━━ DATA EXCERPT ━━
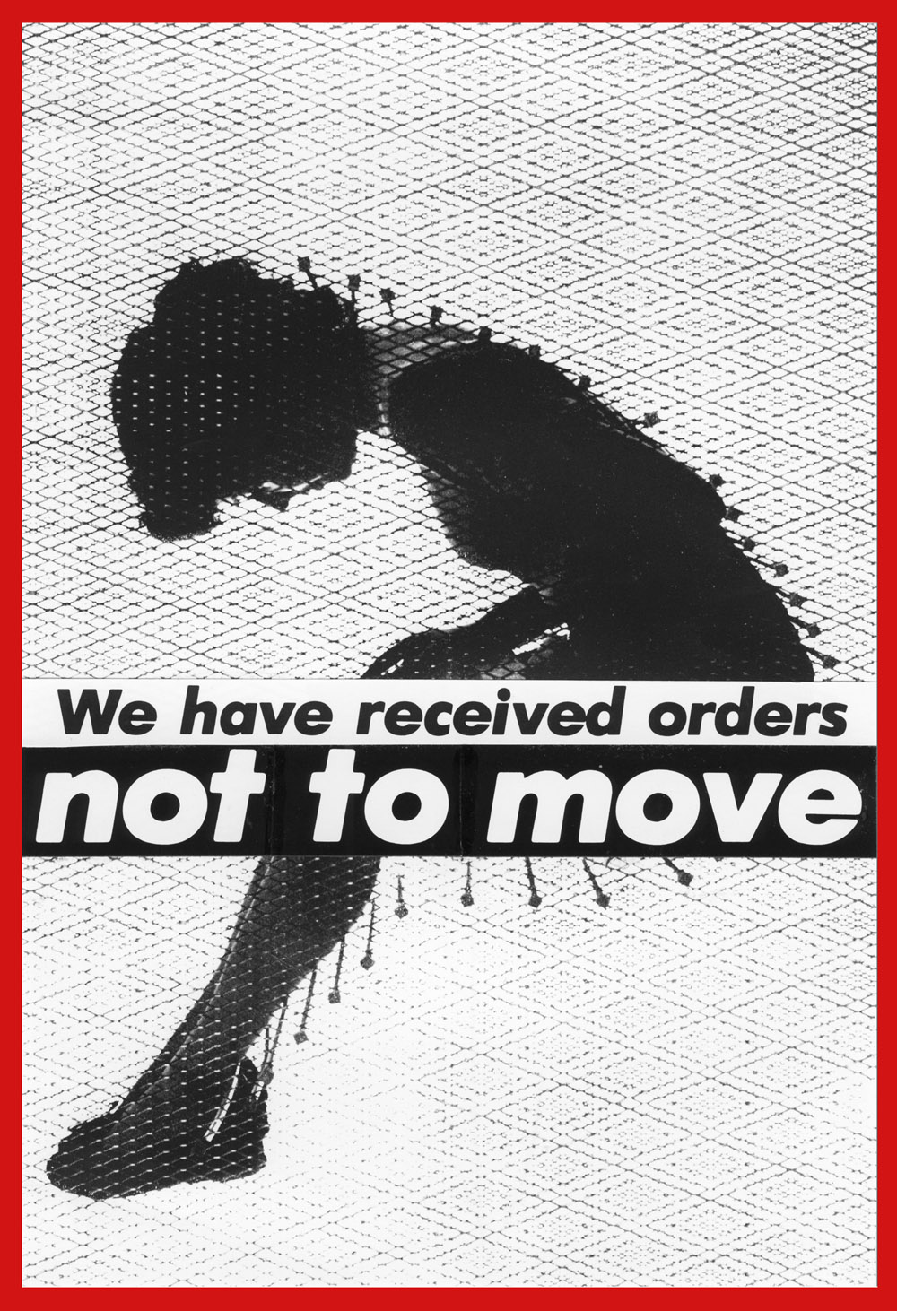 In We have received orders not to move, rappresenta la donna subordinata, da parete e messa su sfondo per rimarcare il suo ruolo marginale, con lo scopo di smuovere le coscienze e generare movimento. Più esplicito sul piano politico, è il famoso slogan Your body is a battleground (‘il tuo corpo è un campo di battaglia’ N.d.T.), realizzato per la marcia delle donne a Washington D.C. nel 1989 a favore dell’aborto e del diritto delle donne di gestire il proprio corpo.
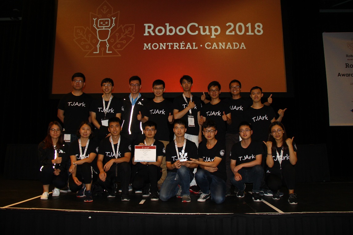 在本次蒙特利尔RoboCup机器人世界杯标准平台组中,共有来自世界各地的23支队伍参加。在正赛开始后的23进12的第一轮小组赛中,TJArk首战告捷,以5:0的优势比分战胜宾夕法尼亚大学队,但随后遭遇卫冕冠军德国不莱梅大学队,最终获得一胜一负,以小组第二进入第二轮小组赛。在第二轮小组赛中,TJArk继续稳定发挥,以大比分5:1战胜智利大学队,随后0:0战平柏林洪堡大学队,最终以一胜一平的成绩,在净胜球优势上力夺小组第一,率先出线8强。在之后四分之一决赛中,TJArk迎战实力强大的德克萨斯大学奥斯汀分校机器人队,又以5:1大比分战胜,挺进半决赛。在半决赛中再次遭遇卫冕冠军队,经过激烈的对抗最终不敌,止步本次世界杯征程。在随后的季军赛中,TJArk对战同样在半决赛失利的汉堡大学队,最终以2:0战胜对手,成功夺得了此次RoboCup机器人世界杯的第三名,展现了强大的技术实力与竞技能力,同时也创造了TJArk在机器人世界杯上的最好历史成绩。
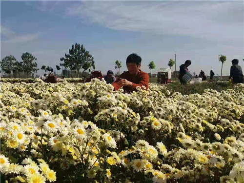 當(dāng)日,位于高集鄉(xiāng)北部的黨橋、雙堂等幾個行政村,也是熱鬧非凡。一臺臺大小不同的車輛,滿載著剛從地里摘下的鮮菊花,正往富甲一方菊花加工廠里銷售,縷縷的菊花清香隨風(fēng)飄來,煞是誘人。在富甲一方合作社帶動下,今年有16戶貧困戶種植80多畝菊花,鄉(xiāng)政府對首次種植的貧困戶負(fù)責(zé)技術(shù)培訓(xùn),并給予每畝1000元的生產(chǎn)獎補(bǔ)。今年菊花每公斤4元左右,麥茬種植菊花每畝可產(chǎn)鮮菊1100-1300公斤,去掉雇人摘菊花費(fèi)用每公斤0.3元,每畝可收入4000-5000元。種植菊花的貧困戶孫建國在富甲一方收購現(xiàn)場,正樂呵呵的數(shù)著賣菊花得來的大把鈔票。
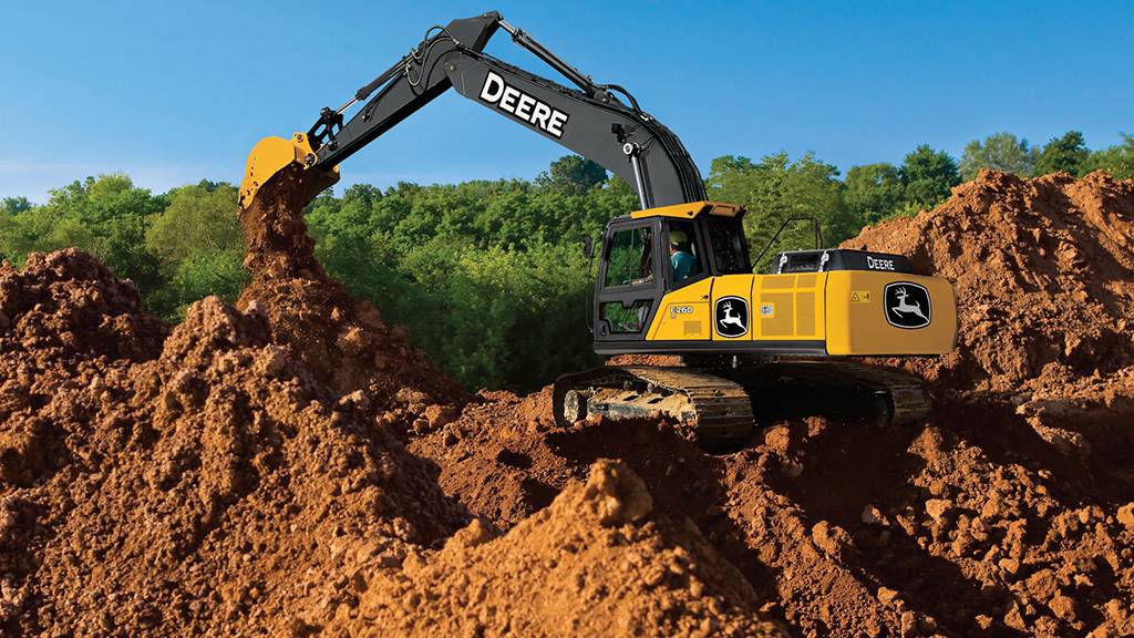 Кабина экскаватора John Deere имеет увеличенный внутренний объём, комфортное сиденье, а также автоматическую систему климат-контроля и мощную печку внутри. При работе климатической установки в кабине немного увеличивается давление, что позволяет предотвратить попадание пыли внутрь. Воздушные фильтры кабины доступны для замены с уровня земли, что упрощает обслуживание.Многие машинисты отмечают, что в кабине много места не только в рабочей зоне, но и за сиденьем оператора. Также в стандартную комплектацию входит увеличенное число рабочих фар: по две в верхней и нижней части кабины, две на стреле и ещё одна — на ящике для инструмента.
━━━
◆ **WHAT IS EXPECTED**:
A word-for-word reprint of the listing above is needed, minus the pictures.

◆ **EXERCISE RESULT**:
 In We have received orders not to move, rappresenta la donna subordinata, da parete e messa su sfondo per rimarcare il suo ruolo marginale, con lo scopo di smuovere le coscienze e generare movimento. Più esplicito sul piano politico, è il famoso slogan Your body is a battleground (‘il tuo corpo è un campo di battaglia’ N.d.T.), realizzato per la marcia delle donne a Washington D.C. nel 1989 a favore dell’aborto e del diritto delle donne di gestire il proprio corpo.
 在本次蒙特利尔RoboCup机器人世界杯标准平台组中,共有来自世界各地的23支队伍参加。在正赛开始后的23进12的第一轮小组赛中,TJArk首战告捷,以5:0的优势比分战胜宾夕法尼亚大学队,但随后遭遇卫冕冠军德国不莱梅大学队,最终获得一胜一负,以小组第二进入第二轮小组赛。在第二轮小组赛中,TJArk继续稳定发挥,以大比分5:1战胜智利大学队,随后0:0战平柏林洪堡大学队,最终以一胜一平的成绩,在净胜球优势上力夺小组第一,率先出线8强。在之后四分之一决赛中,TJArk迎战实力强大的德克萨斯大学奥斯汀分校机器人队,又以5:1大比分战胜,挺进半决赛。在半决赛中再次遭遇卫冕冠军队,经过激烈的对抗最终不敌,止步本次世界杯征程。在随后的季军赛中,TJArk对战同样在半决赛失利的汉堡大学队,最终以2:0战胜对手,成功夺得了此次RoboCup机器人世界杯的第三名,展现了强大的技术实力与竞技能力,同时也创造了TJArk在机器人世界杯上的最好历史成绩。
 當(dāng)日,位于高集鄉(xiāng)北部的黨橋、雙堂等幾個行政村,也是熱鬧非凡。一臺臺大小不同的車輛,滿載著剛從地里摘下的鮮菊花,正往富甲一方菊花加工廠里銷售,縷縷的菊花清香隨風(fēng)飄來,煞是誘人。在富甲一方合作社帶動下,今年有16戶貧困戶種植80多畝菊花,鄉(xiāng)政府對首次種植的貧困戶負(fù)責(zé)技術(shù)培訓(xùn),并給予每畝1000元的生產(chǎn)獎補(bǔ)。今年菊花每公斤4元左右,麥茬種植菊花每畝可產(chǎn)鮮菊1100-1300公斤,去掉雇人摘菊花費(fèi)用每公斤0.3元,每畝可收入4000-5000元。種植菊花的貧困戶孫建國在富甲一方收購現(xiàn)場,正樂呵呵的數(shù)著賣菊花得來的大把鈔票。
 Кабина экскаватора John Deere имеет увеличенный внутренний объём, комфортное сиденье, а также автоматическую систему климат-контроля и мощную печку внутри. При работе климатической установки в кабине немного увеличивается давление, что позволяет предотвратить попадание пыли внутрь. Воздушные фильтры кабины доступны для замены с уровня земли, что упрощает обслуживание.Многие машинисты отмечают, что в кабине много места не только в рабочей зоне, но и за сиденьем оператора. Также в стандартную комплектацию входит увеличенное число рабочих фар: по две в верхней и нижней части кабины, две на стреле и ещё одна — на ящике для инструмента.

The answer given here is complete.